What is being asked → Write out the entries below exactly, but only from the line containing "Pops of Louboutin" through the line containing "lánccal. | |", and without the pictures.

*** Supplied data Section Begins ***

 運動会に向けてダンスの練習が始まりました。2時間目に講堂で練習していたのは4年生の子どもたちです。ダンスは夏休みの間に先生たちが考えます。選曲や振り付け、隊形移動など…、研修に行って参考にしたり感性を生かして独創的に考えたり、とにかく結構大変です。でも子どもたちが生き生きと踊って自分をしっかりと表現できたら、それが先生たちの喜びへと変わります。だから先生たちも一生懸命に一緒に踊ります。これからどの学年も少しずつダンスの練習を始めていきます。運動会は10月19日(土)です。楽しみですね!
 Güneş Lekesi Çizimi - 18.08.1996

*** Supplied data Section Ends ***
*** Supplied data Section Begins ***

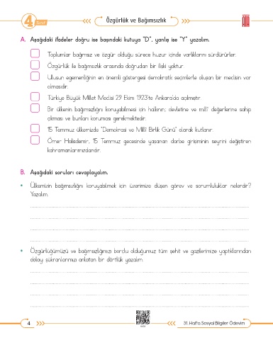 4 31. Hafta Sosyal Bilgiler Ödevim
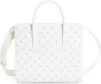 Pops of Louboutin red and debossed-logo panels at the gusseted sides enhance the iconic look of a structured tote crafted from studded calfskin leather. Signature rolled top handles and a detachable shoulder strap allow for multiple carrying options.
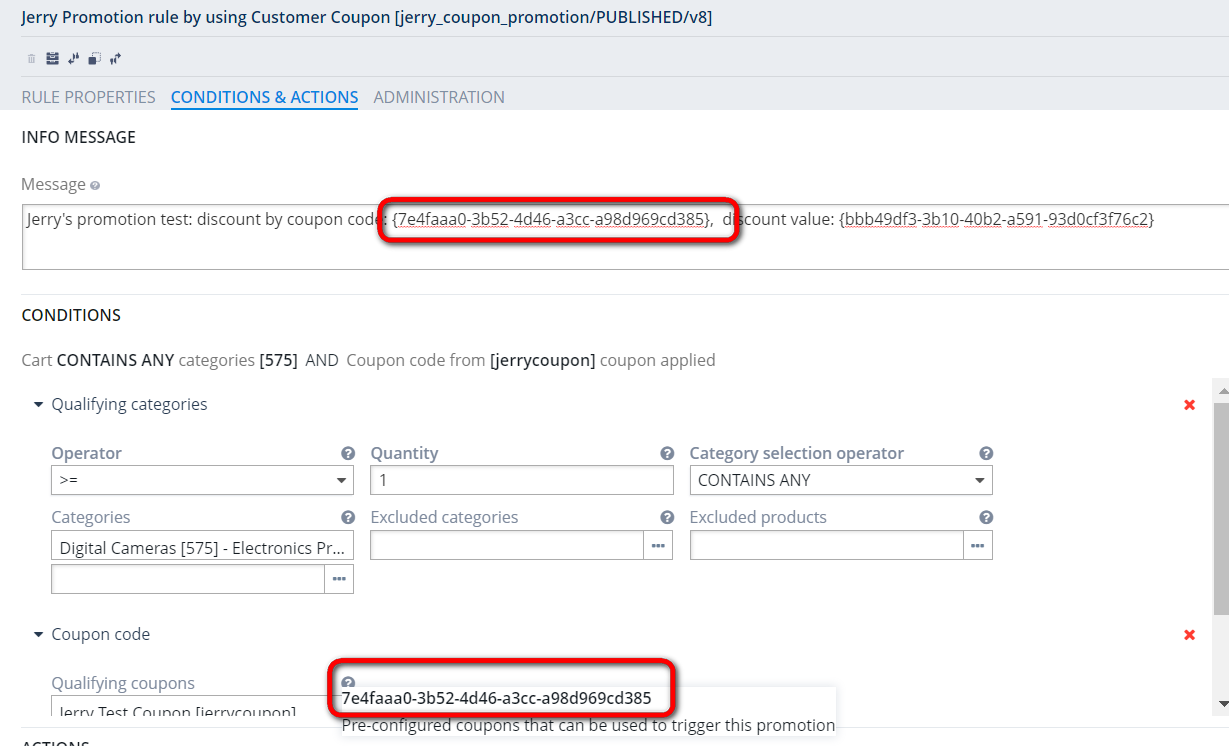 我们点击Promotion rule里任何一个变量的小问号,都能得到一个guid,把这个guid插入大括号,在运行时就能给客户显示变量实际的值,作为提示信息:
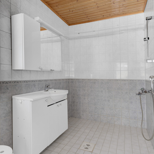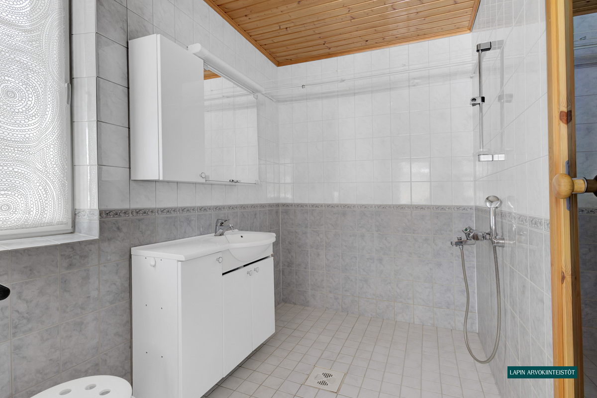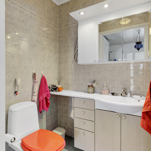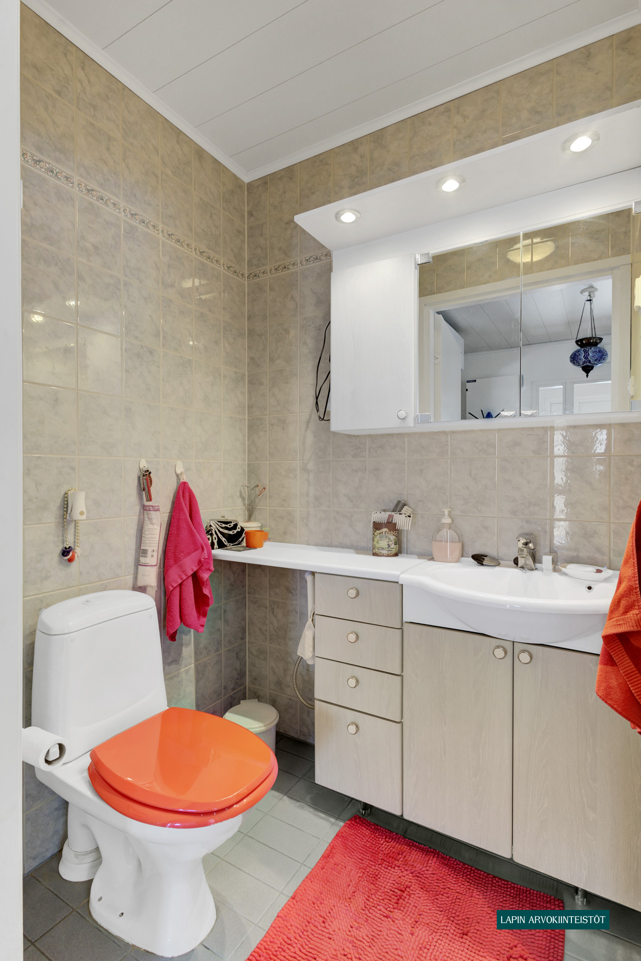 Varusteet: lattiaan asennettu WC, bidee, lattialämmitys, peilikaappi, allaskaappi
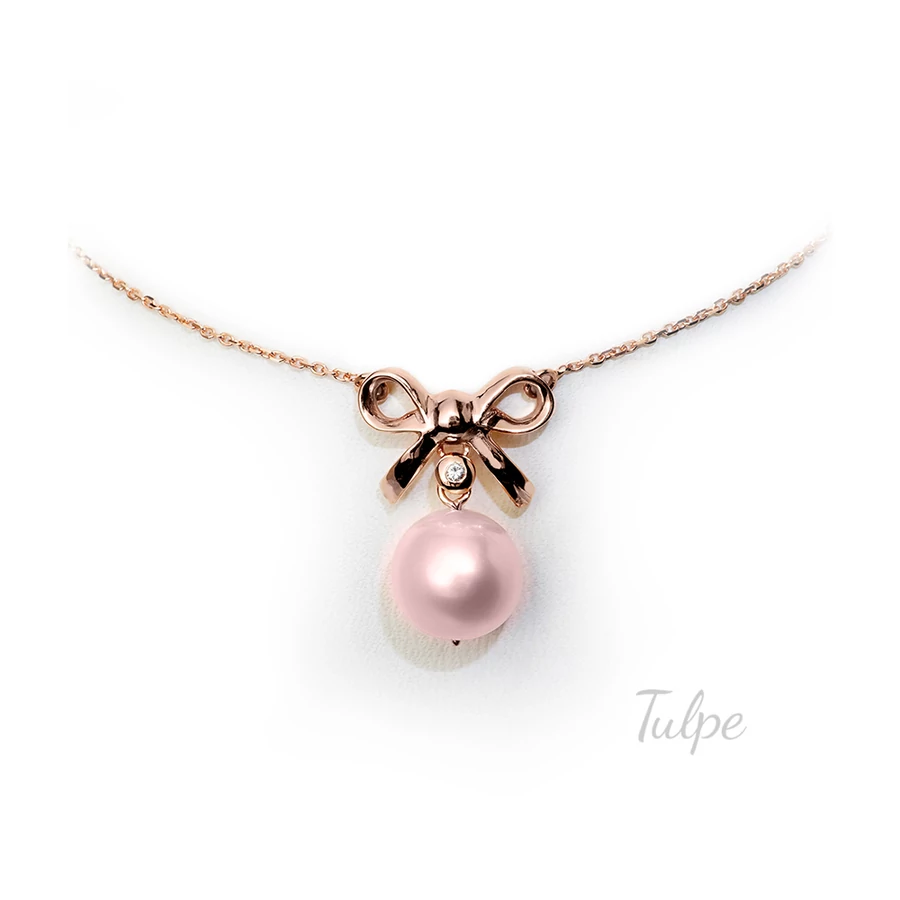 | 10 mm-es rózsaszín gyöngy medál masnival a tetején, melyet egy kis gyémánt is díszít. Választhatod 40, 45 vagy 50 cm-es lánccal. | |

*** Supplied data Section Ends ***

Solved exercise →
 Pops of Louboutin red and debossed-logo panels at the gusseted sides enhance the iconic look of a structured tote crafted from studded calfskin leather. Signature rolled top handles and a detachable shoulder strap allow for multiple carrying options.
 我们点击Promotion rule里任何一个变量的小问号,都能得到一个guid,把这个guid插入大括号,在运行时就能给客户显示变量实际的值,作为提示信息:
 Varusteet: lattiaan asennettu WC, bidee, lattialämmitys, peilikaappi, allaskaappi
 | 10 mm-es rózsaszín gyöngy medál masnival a tetején, melyet egy kis gyémánt is díszít. Választhatod 40, 45 vagy 50 cm-es lánccal. | |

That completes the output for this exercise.